On Intel chips, we reached 2GHz a long time ago (August 2001), and according to CPU trends before 2003, now in early 2005 we should have the first 10GHz Pentium-family chips. A quick look around shows that, well, actually, we don't. Herb Sutter, Dr Dobb's Journal, February 2005.
Moore's law was formulated by Intel's Gordon Moore in 1965 and suggested that the number of transistors in a given area would double every 18 months. He was right, and the observation prompted many analogies in other areas - including raw CPU speed. This held true and developers could gain speed as a "free lunch" simply by waiting.
Moore's law has ended in terms of raw CPU power as measured in raw clock speed. Developers can no longer expect performance gains by simply waiting. CPU manufacturers are utilising the old maxim of "many hands make light work", and moving to highly parallel architectures. This includes home systems like Sony's Playstation 3 which features 9 CPUs inside a single chip.

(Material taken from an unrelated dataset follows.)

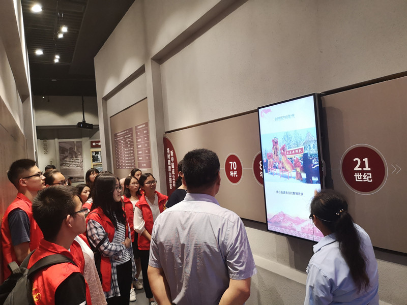 在讲解员的带领下,党员们参观了“没有共产党就没有新中国”纪念馆,展馆分为三个展厅,通过中国共产党创建和土地革命时期、全民族抗日战争时期、人民解放战争时期、社会主义革命建设时期、改革开放新时期和砥砺奋进的五年时期的层层递进,使用文字、视频、图片等多种形式,向大家生动地介绍了歌曲诞生背景、创作过程和历史影响。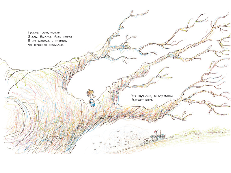 Самое трудное для мальчика – это не принять смерть Бертольта, а найти выход для своих эмоций – ведь у него нет больше друга. Когда умирает птица – вершишь похоронный обряд. Что делать, когда умирает дерево?..

Software must be written with parallel systems in mind, changing dramatically the way it is produced. Whilst this is not a problem directly for the audience, this does affect the BBC's long term ability to deliver online.
Taking advantage of these CPUs requires specially designed software. Parallel computing is considered by many as difficult - which needs to change, since in a few years parallel systems will be common, and the BBC will need maximise the use these systems. Online delivery is a naturally highly parallel activity, and so is needs amongst the earliest to benefit after the change.
Challenge: Create a usable system for producing parallel software systems that promotes reuse, resilience, scales on new concurrent hardware platforms, and due to design naturally encourages the design of parallel software systems.